In my talk, I will therefore focus on the importance and utility of causal inference for AI in general and for social media analysis specifically. I will start with a quick primer on causal models encompassing two major causal frameworks – structural causal models based on Pearl’s SCM approach and on the potential outcome approach by Rubin et al. I will discuss some of the existing works that deploy causal modeling to online social media data to better understand mental wellbeing of users including some work being currently pursued at our group. I will conclude by pointing to some interesting research directions which our community should take up in the future.
Brief Bio
Riccardo Rosati, Ph.D. in Computer Science, is Professor of Computer Science and Engineering at the Department of Computer, Control and Management Engineering (DIAG) of Sapienza Università di Roma, Italy.

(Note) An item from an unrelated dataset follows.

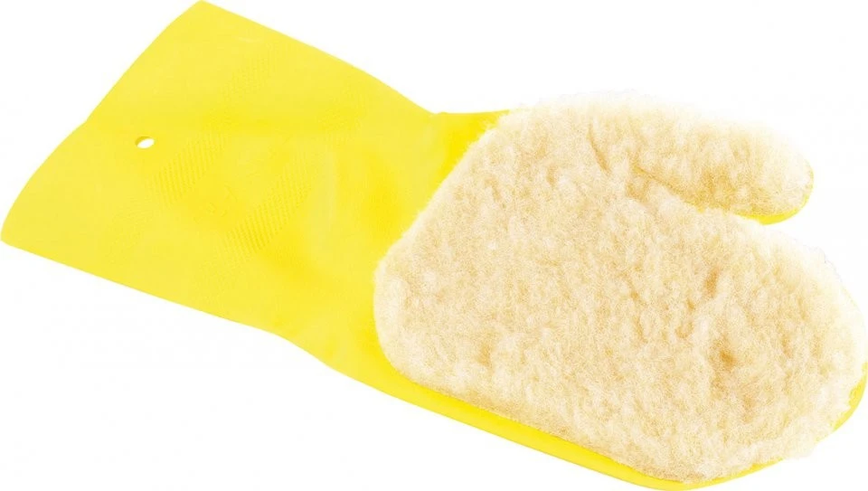 Redonnez à vos meubles tout leur brillant. Sur ce gant en latex est intégrée une éponge de lustrage en laine.

His research interests are in the areas of Artificial Intelligence and Databases, focusing on knowledge representation, data management, ontologies and semantic technologies. He has published over 170 papers in international journals and conferences. He is a Fellow of the European Association for Artificial Intelligence. He is currently involved in projects focusing on privacy-preserving data management, inconsistency-tolerant data management, and data management for healthcare applications.
Abstract
This talk will focus on Controlled Query Evaluation (CQE), a form of confidentiality-preserving query answering over databases and knowledge bases. The CQE approach is based on the declarative specification of a data protection policy on the database/knowledge base through logical formulas, and on the enforcement of such a policy through specialized query answering techniques. Such techniques are parameterized with respect to the data protection policy, and are able to prevent the disclosure of sensitive information to unauthorized users while being as cooperative as possible, that is, answering queries honestly whenever this does not harm confidentiality. The talk will present some recent theoretical and practical advancements in CQE over databases, knowledge bases and OWL ontologies, pointing out a few interesting open problems.
Brief Bio
Dr Diana Maynard is a Senior Research Fellow in the Computer Science department at the University of Sheffield. She has a PhD in Natural Language Processing (NLP) and has more than 30 years of experience in the field. Since 2000 she has been one of the key developers of the GATE NLP toolkit, leading work on Sheffield’s open-source multilingual text analysis tools. Her main research interests are in practical, multidisciplinary approaches to text and social media analysis, in a wide range of fields including cultural heritage, human rights, law, journalism, sustainability and the environment, geography, politics, and natural disasters. She is currently working on various projects based around the detection and analysis of online hate speech, including methods for removing bias in Machine Learning, and for early warning detection of abuse escalation.
Abstract
In this talk, Dr. Maynard will explore online conversation from a linguistic and social point of view, investigating both constructive and destructive behaviour as well as notions around conversational evolution, message amplification, and behavioural change. She will focus on practical methods for understanding and interpreting online discussions, discussing how NLP tools can be combined with social science methods and visual and predictive analytics for understanding and mitigating topics such as online abuse, disinformation, and behavioural change, with practical examples from recent case studies.